What you are asked to do: From the first line of the material below through the line containing "Ruched One-Shoulder Dress", print every line exactly as it stands, but no pictures.

Given material:
##########

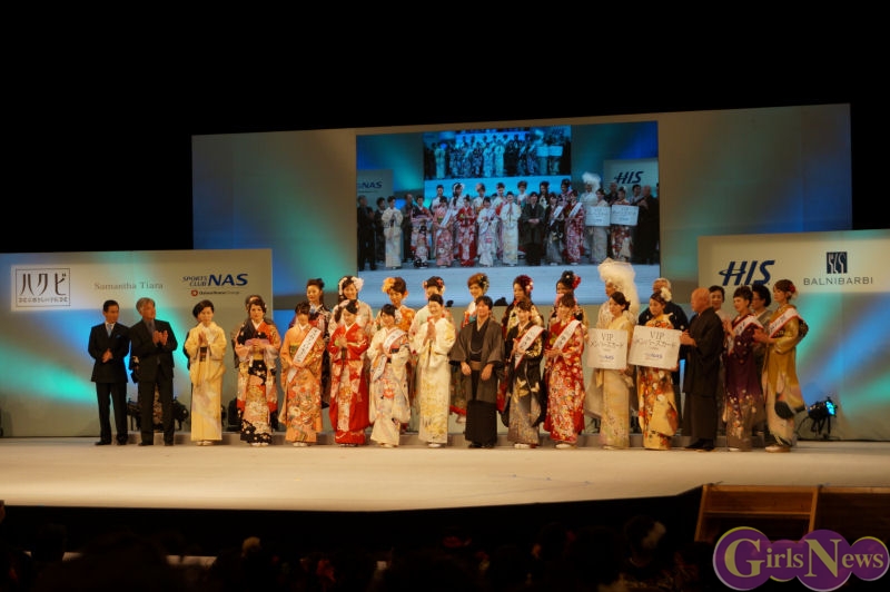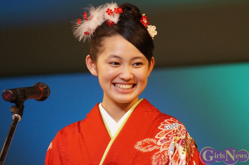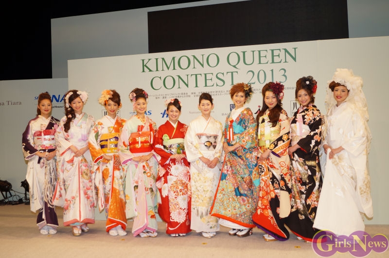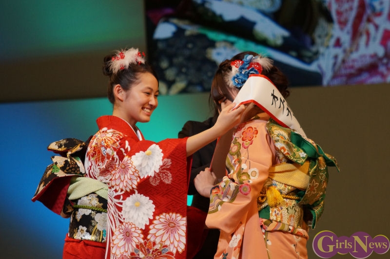 X21のリーダー 吉本実憂が「きものクイーンコンテスト2013」で艶やかな赤い振袖姿を披露&クイーンは臼井千晶さんに栄冠
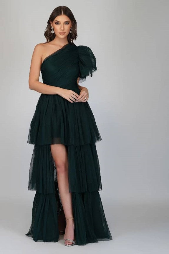 Ruched One-Shoulder Dress in Emerald Green Tulle
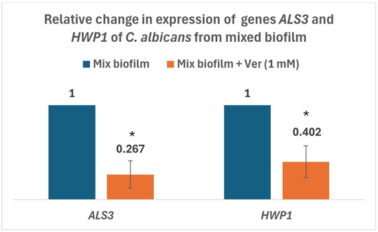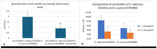 Verapamil (VER) is a calcium channel blocker used to treat cardiovascular diseases. However, some studies also suggest its antimicrobial potential. Changes in calcium abundance in yeasts can lead to decreased expression of transcription factors for genes related to morphology, resistance, and biofilm. Hyphal growth in Candida albicans is necessary for biofilm formation, especially in mixed biofilms with Staphylococcus aureus. This research studied the antibiofilm activity of VER in mixed biofilms of C. albicans SC5314 and S. aureus CCM3953. First, the minimal inhibitory concentration of VER was determined for single-species biofilms. Subsequently, a subinhibitory concentration of VER (1 mM) was tested on mixed biofilms. Biomass was reduced by 20% for C. albicans and 30% for S. aureus. The morphology of C. albicans was altered, and a decrease in S. aureus cells was also observed. qPCR was used to determine changes in HWP1 and ALS3 gene expression in biofilms formed w/wo VER. A decrease in the expression of both genes was observed. In vivo experiments with Galleria mellonella confirmed the antibiofilm activity of VER against mixed infections of C. albicans and S. aureus. These results suggest that VER regulates the morphology of C. albicans, resulting in changes in biofilm composition and the adhesion of S. aureus.
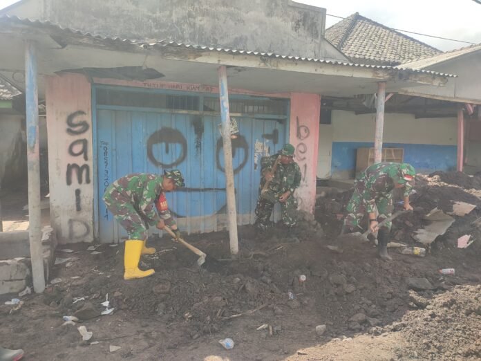Lumajang — Pemulihan pasca bencana lahar dingin Semeru terus dilakukan oleh jajaran TNI di berbagai titik wilayah terdampak. Pada Kamis (11/12/2025), Babinsa Lempeni Koramil 0821-10/Tempeh, Serda Heru Cokro Setio Budi, bersama personel lainnya, kembali turun tangan melakukan pembersihan material lahar dingin yang menumpuk di rumah-rumah warga di Dusun Gumukmas, Desa Supiturang, Kecamatan Pronojiwo.

##########

Result of this exercise:
 X21のリーダー 吉本実憂が「きものクイーンコンテスト2013」で艶やかな赤い振袖姿を披露&クイーンは臼井千晶さんに栄冠
 Ruched One-Shoulder Dress in Emerald Green Tulle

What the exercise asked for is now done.